» **Your task**: Exact copy, no pictures: output each line below as it stands.

» **Dataset content**:
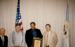 Award being presented in VC, four men standing. Lincoln Home NHS- Cook House Contractor Award, 5 contractor, award, Cook Award being presented in VC, four men standing. Lincoln Home NHS- Cook House Contractor Award, 5 contractor, award, Cook
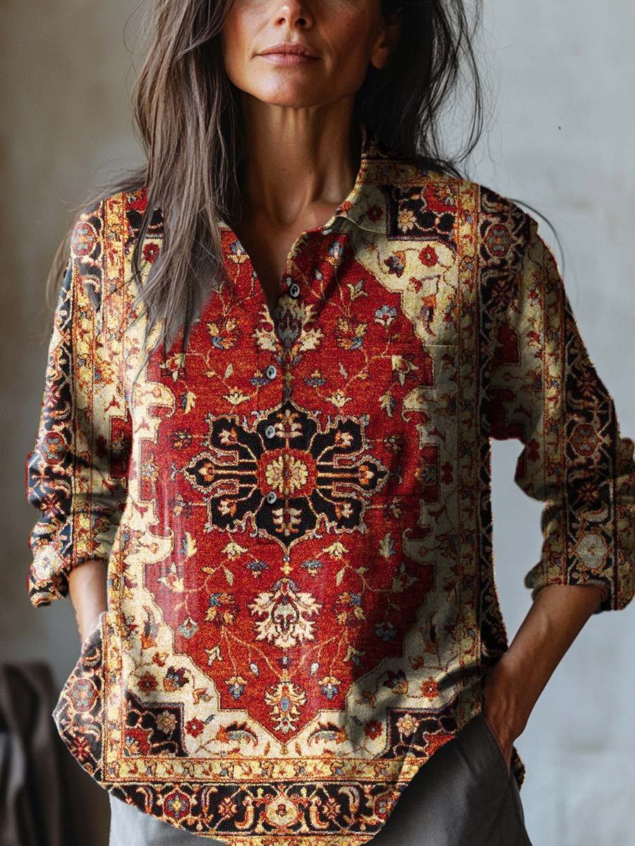 Women's Vintage Lovely Floral Art Print Casual Cotton And Linen Shirt
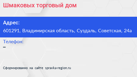 Шмаковых, торговый дом по адресу 601291, Владимирская область, Суздаль, Советская, 24а в дальнейшем Организация, размещена в следующих категориях:
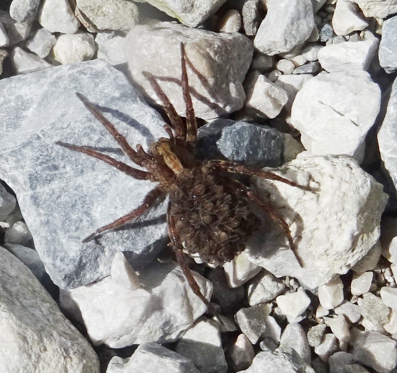 Hogna radiata è da escludere, anche per il rapporto di dimensioni tra madre e figli, oltre che per il disegno.

» **Response area**:
 Award being presented in VC, four men standing. Lincoln Home NHS- Cook House Contractor Award, 5 contractor, award, Cook Award being presented in VC, four men standing. Lincoln Home NHS- Cook House Contractor Award, 5 contractor, award, Cook
 Women's Vintage Lovely Floral Art Print Casual Cotton And Linen Shirt
 Шмаковых, торговый дом по адресу 601291, Владимирская область, Суздаль, Советская, 24а в дальнейшем Организация, размещена в следующих категориях:
 Hogna radiata è da escludere, anche per il rapporto di dimensioni tra madre e figli, oltre che per il disegno.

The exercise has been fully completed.